RIO DE JANEIRO, 2 Out (Reuters) - Na manhã do dia 8 de abril, Eduarda Lopes, de 12 anos, viu sua mãe, Valdilene da Silva, ser atingida por uma bala perdida na favela de Manguinhos, no Rio de Janeiro — uma das incontáveis vítimas da violência crescente da cidade.

Agonizando em uma poça de sangue, Valdilene usou o pouco fôlego que lhe restava para dizer à filha que corresse e se escondesse, mas, apesar do medo de ser morta, a menina continuou com a mãe.

“Esperei até o último momento com ela, do lado dela”, disse Eduarda à Reuters, com lágrimas escorrendo pelo rosto.

“Eu não tinha acreditado”, disse ela sobre ter visto o corpo da mãe mais tarde naquele dia. “Ela estava deitada e parecia uma boneca, dormindo. A única coisa que consegui pegar foram os brincos que ela estava usando”.

A violência tem aumentado no Rio de Janeiro, e cada vez mais vítimas são pegas no fogo cruzado. A insegurança generalizada se tornou um tema central da eleição de 7 de outubro e ajuda a explicar a ascensão do candidato Jair Bolsonaro (PSL), que defende afrouxar as leis de porte de arma para a população e aumentar o combate armado à criminalidade.
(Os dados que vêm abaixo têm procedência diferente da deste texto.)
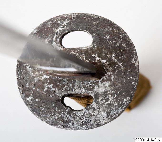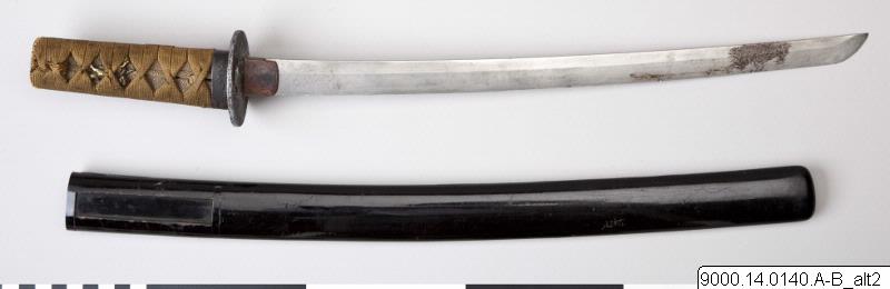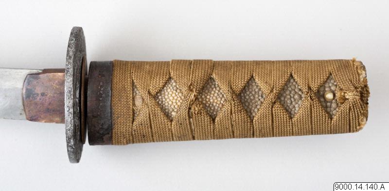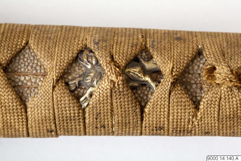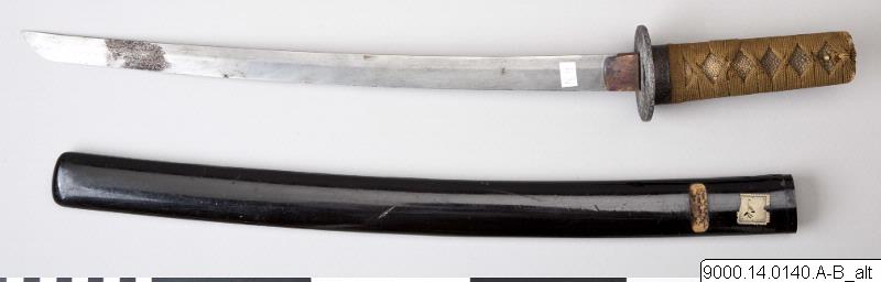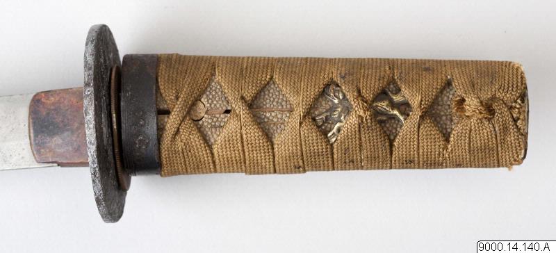 Svärd med svagt böjd klinga. Fästet klätt med vitt hajskinn och omlindat med gulaktiga silkesband. Prydnad (menuki) i brons på ena sidan fästet. Odekorerad parerplåt (tsuba) med spår av vitmetall. Ändbeslag (kashira) saknas.
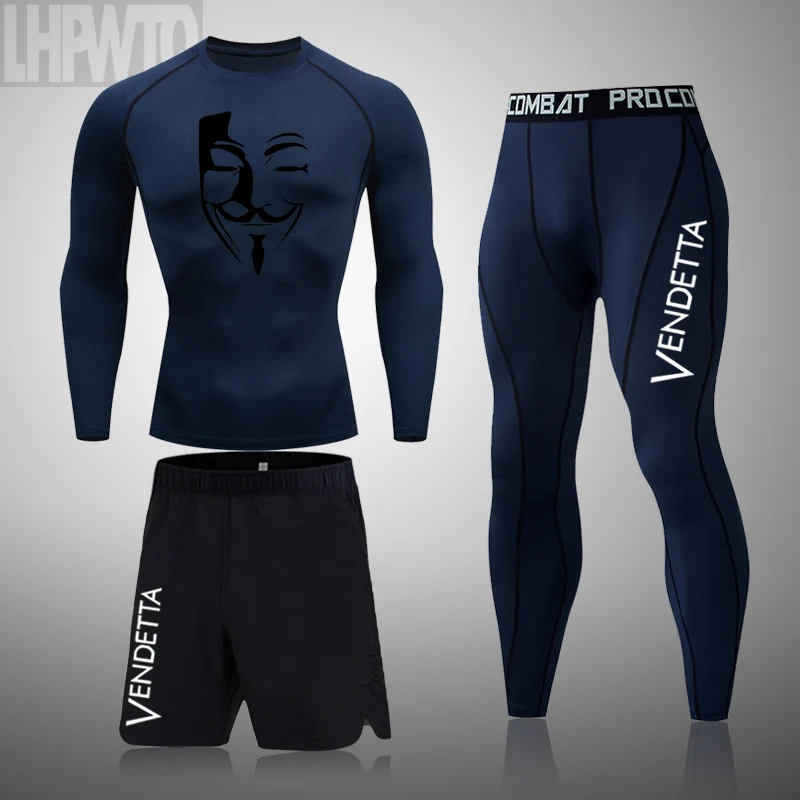 Костюм мужской спортивный компрессионный из футболки и брюк, 2-3 пр...
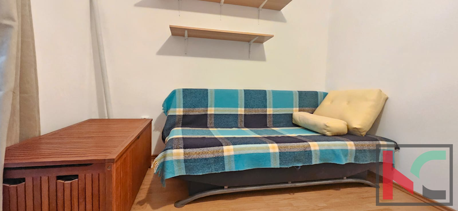 Stan se prodaje namješten i opremljen kućanskim aparatima. U stanu je jedan klima uređaj za grijanje i hlađenje. Nalazi se u mirnom dijelu Medulina, a udaljen svega 10 minuta od centra. Na okučnici zgrade su i parkirna mjesta koja pripadaju stanarima.
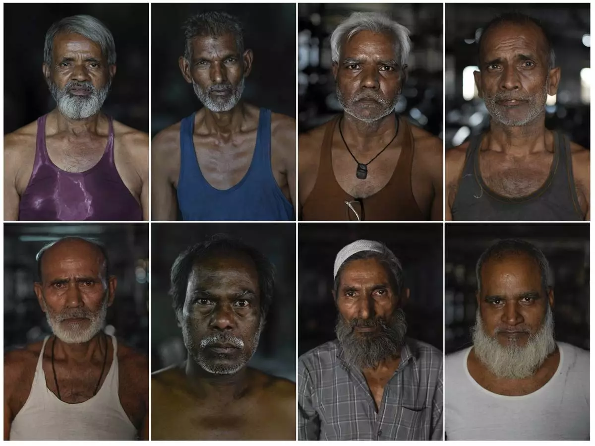 This combination photo shows portraits of power loom operators shot in February 2025 in Bhiwandi, India; From left, top row, Mohammed Amin Ansari 65, Abdul Qayoom 55, Lalmanth Ramdas Paswan, 55, Talim shah, 60; From left, bottom row, Mohammed Ibrahim 60, Mohammed Ilyyas, 65, Abdul Kamaluddin, 69, and Nissar Ahmad 50. (AP Photo/Rafiq Maqbool)
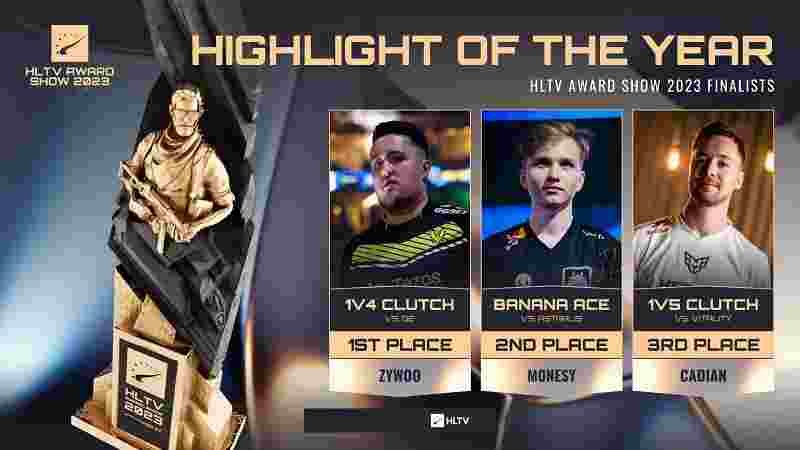 HLTV在2023颁奖典礼上公布了年度最佳高光时刻,ZywOo在BLAST.TV 巴黎Major上的1V4残局荣获该荣誉,m0NESY的AWP+沙鹰ACE位列第二,cadiaN的BLAST残局1V5当选第三。
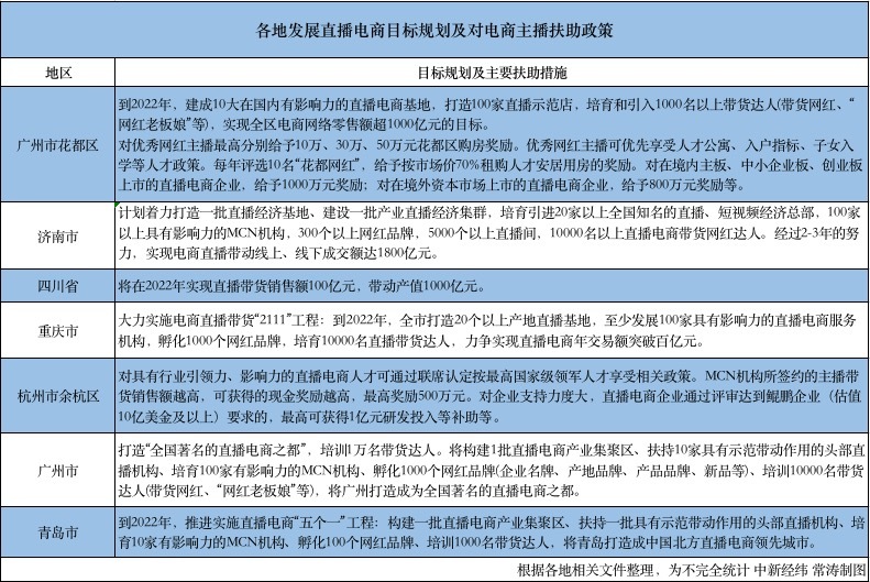 例如青島市提出,到2022年,推進(jìn)實(shí)施直播電商“五個(gè)一”工程,包括培訓(xùn)1000名帶貨達(dá)人等,將青島打造成中國北方直播電商領(lǐng)先城市。廣州市提出打造“全國著名的直播電商之都”,培訓(xùn)1萬名帶貨達(dá)人的口號(hào)。
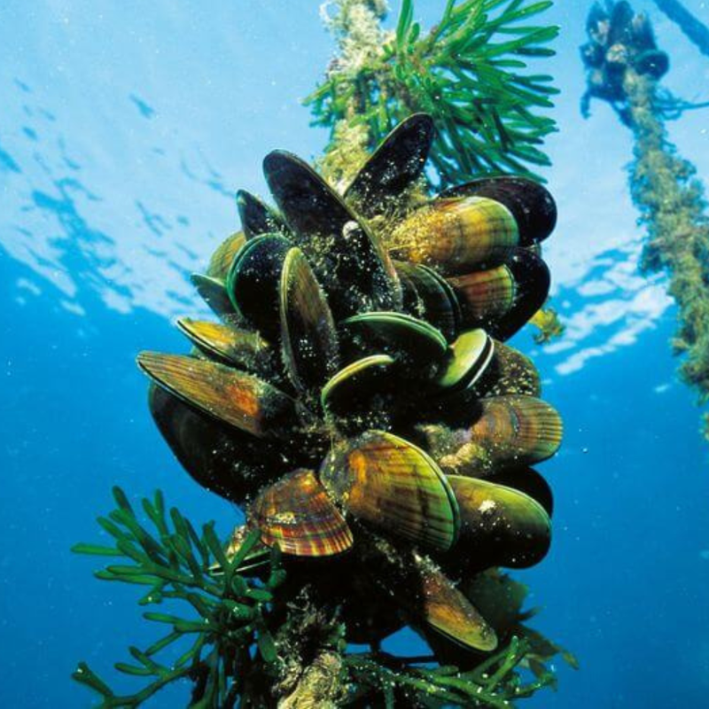The Green Lipped Mussel (Perna canaliculus) is endemic to New Zealand. It cannot be farmed or replicated anywhere else. The mussels grow in the Marlborough Sounds - fed by nutrient-rich currents flowing directly from Antarctica. Each mussel filters 360 liters of this pristine seawater every single day.
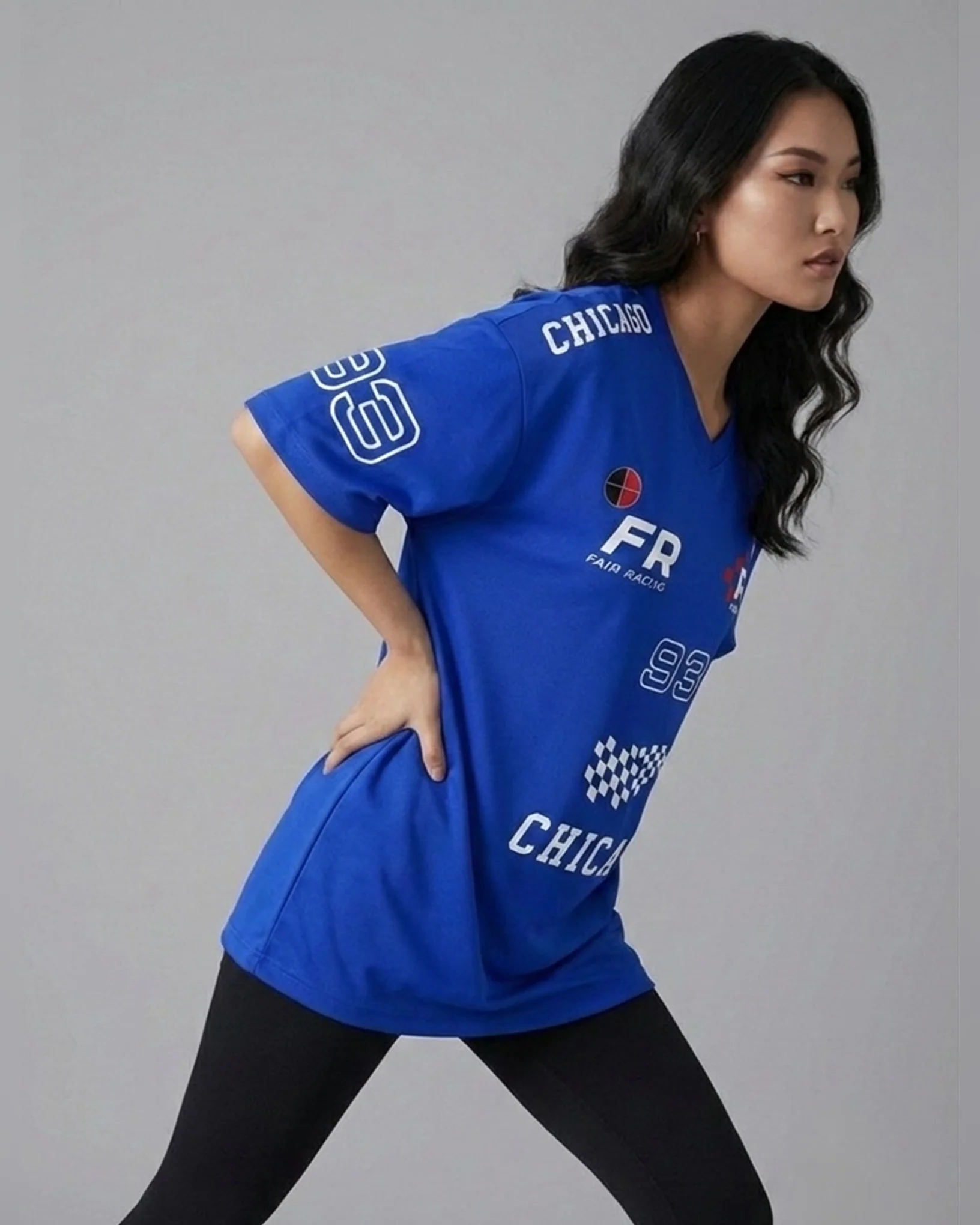 Team FR Chicago Graphic Drop Shoulder Oversized T-shirt Royal Blue
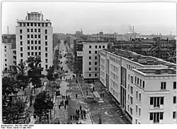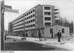 Für das Jahr 1943 sind im Adressbuch 80 Mietshäuser neben den anderen Grundstücken angegeben. Vorwiegend waren es Mietshäuser mit 20 bis 30 Parteien, durch Seiten- und Quergebäude werden auch einige (Memeler Straße 2, 7, 16a, 45, 52, 56) Häuser mit 50 bis 70 Mietern aufgeführt. Zudem bestanden das Lehrerwohnhaus und die Schule unter Memeler Straße 24/25, das Haus 33 der Comenius-Lichtspiele, die Lazarusgemeinde auf dem Grundstück 53/54 der Stadtsynode, Memeler Straße 39 die Feuerwache „Memel“ der Stadt Berlin und auf Grundstück Memeler Straße 38 die Volksschule (Adresse: Fruchtstraße 38). Am Ende des Zweiten Weltkriegs war etwa jedes dritte Haus zerstört. Die anderen Gebäude galten bis auf einen kleinen unbeschädigten Anteil als „wiederaufbaubar“.[51] Die Ruinen waren bis zu Beginn der 1950er Jahre abgeräumt, erste Gebäude waren wieder bewohnbar gemacht.[52] Insbesondere im Nordteil der Straße von der Stalinallee her wurden die Neubauwohnhäuser unabhängig von den bestehenden Katasterflächen errichtet.
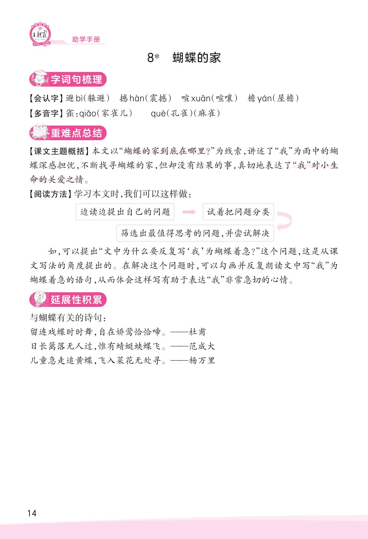2023上册四年级语文人教版 助学手册 第二单元——8 蝴蝶的家
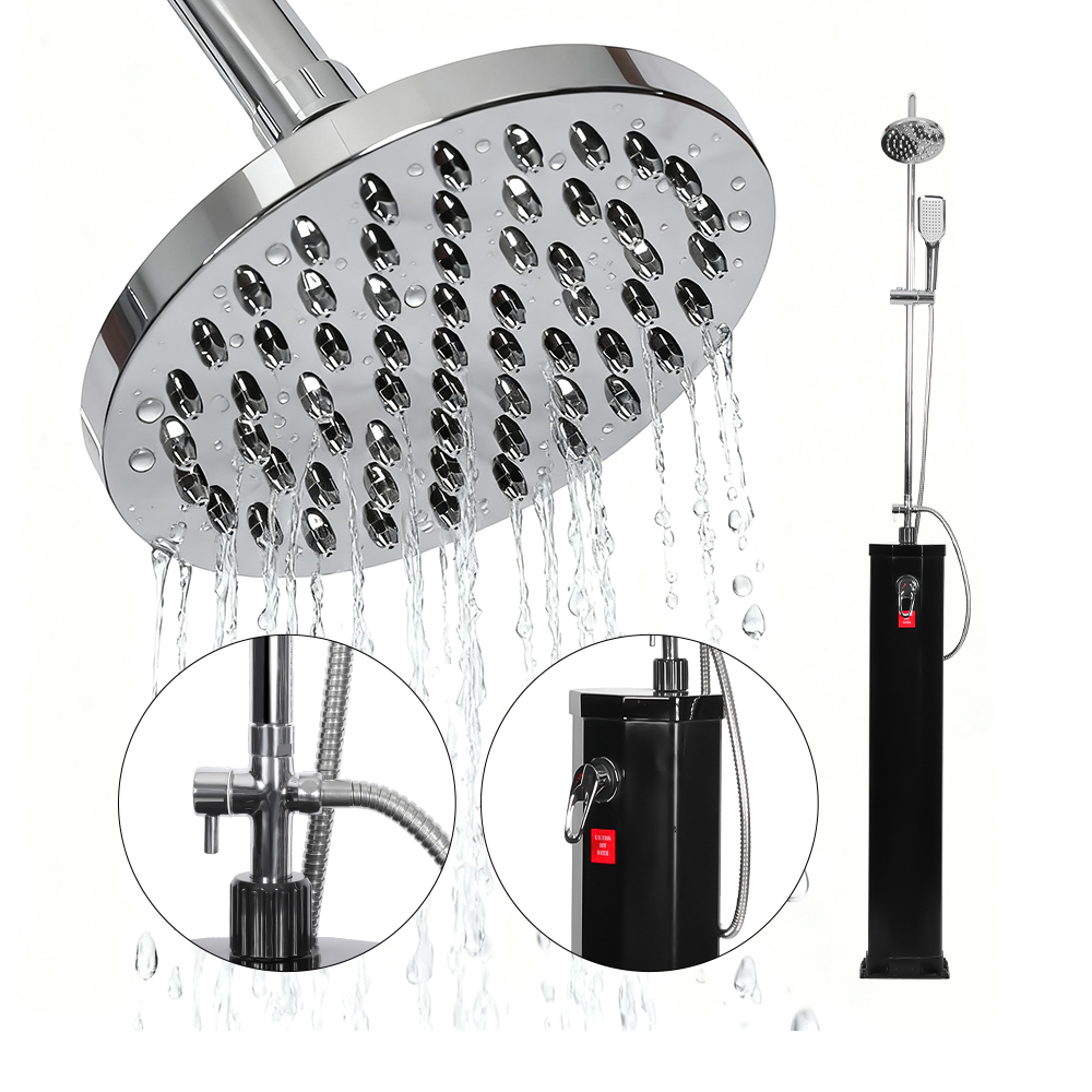 Denna LY18L09-B 18L soldusch i pvc vid poolen med mobil huvuddusch i rostfritt stål är designad för att ge komfort och avkoppling till en mängd olika utomhusmiljöer, oavsett om det är i trädgården, vid poolen eller på campingturer, och erbjuder en modern lösning för att njuta av varmt vatten utan behov av externa energikällor. Den har ett överdimensionerat regnduschhuvud med en inbyggd kulled som möjliggör enkel justering upp till 180°, vilket säkerställer flexibilitet vid användning och gör installationen enkel. Det flexibla duschhuvudet i regnskogsstil förbättrar upplevelsen genom att du enkelt kan kontrollera vattenflödet, vilket skapar en lugnande, spaliknande känsla som liknar att stå under ett naturligt vattenfall. Tillsammans ger dessa funktioner en uppfriskande och anpassningsbar duschupplevelse, vilket gör den idealisk för alla som söker både praktiska funktioner och avkoppling utomhus.
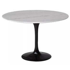 Mesa de Jantar Saarinen Redonda, Tampo 90 cm em GRANITO MÁRMORE BRANCO EXTRA, com contra tampo em MDF, Base em alumínio fundido com pintura automotiva PU.
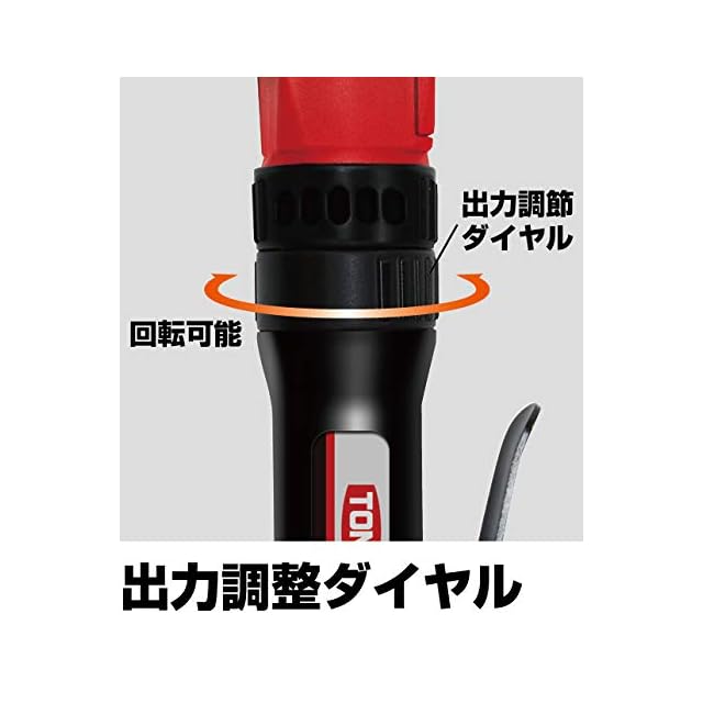 特徴:薄型ヘッド(高さ50mm・径55mm)・アルミケース合金製ハンマーケース・特殊強化樹脂ボディ・ハイパワーに優れたビッグハンマー構造・出力調整 回転方向切換ダイヤル(出力(右:2段階、左:1段階) 回転方向(F:正(右)、R:逆(左))・スイッチの握り具合で微妙な出力調整が可能。
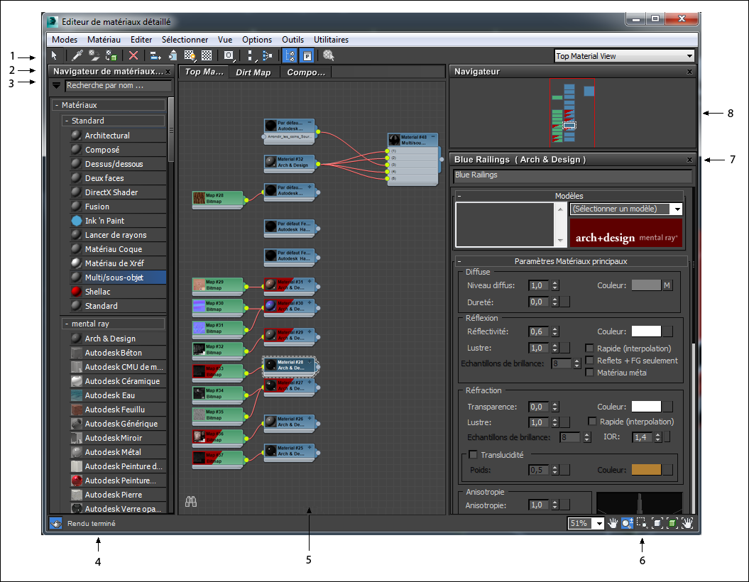 L'interface Ardoise est une interface graphique composée de plusieurs éléments. Les plus importants sont le Navigateur de matériaux/maps, dans lequel vous pouvez rechercher des matériaux, des maps, ainsi que des types de matériau et de map de base ; la vue active, dans laquelle vous pouvez combiner des matériaux et des maps ; enfin, l'éditeur de paramètres, qui permet de modifier les paramètres de matériau et de map.

O Estado do Rio de Janeiro registrou mais de 4.500 assassinatos durante os oito primeiros meses de 2018, um aumento de 6 por cento em relação ao mesmo período de 2017.

Mais de 1 mil pessoas morreram em confrontos com a polícia no Estado entre janeiro e agosto, mostram dados oficiais, uma elevação de mais de 50 por cento em relação ao mesmo período de 2017. As autoridades dizem que os mortos são na maioria membros de facções do tráfico de drogas, mas moradores alegam que inocentes também foram vitimados.

Em março de 2017, Maria Eduarda Alves, de 13 anos, estava em uma aula de educação física em sua escola na comunidade carioca da Pedreira quando tiros foram ouvidos. Ela sofreu um ferimento fatal enquanto os professores tentavam conduzir os alunos de volta para as salas de aula.

Mais tarde dois policiais foram acusados da morte da menina. Um vídeo de celular, filmado por alguém próximo da escola e publicado em redes sociais, também mostrou os policiais executando dois suspeitos que ficaram feridos durante os disparos.

“Ainda não estou legal. Ainda sinto... muita saudade”, disse sua mãe, Rosilene Alves, usando uma camiseta com as palavras “Vibração Positiva” e apontando para o buraco de bala que perfurou a entrada da escola e matou sua filha.

“A vida continua. Não está sendo fácil”.

Alda Rafael Castilho, uma policial de 27 anos, foi morte em um ataque a tiros à base policial em que trabalhava no violento complexo de favelas da Penha em 2014.

“E continua isso”, disse sua mãe, Maria Rosalina Rafael da Silva, de 65 anos. “Jovens morrendo, famílias sendo destruídas. Porque eu posso dizer que eu estou destruída”.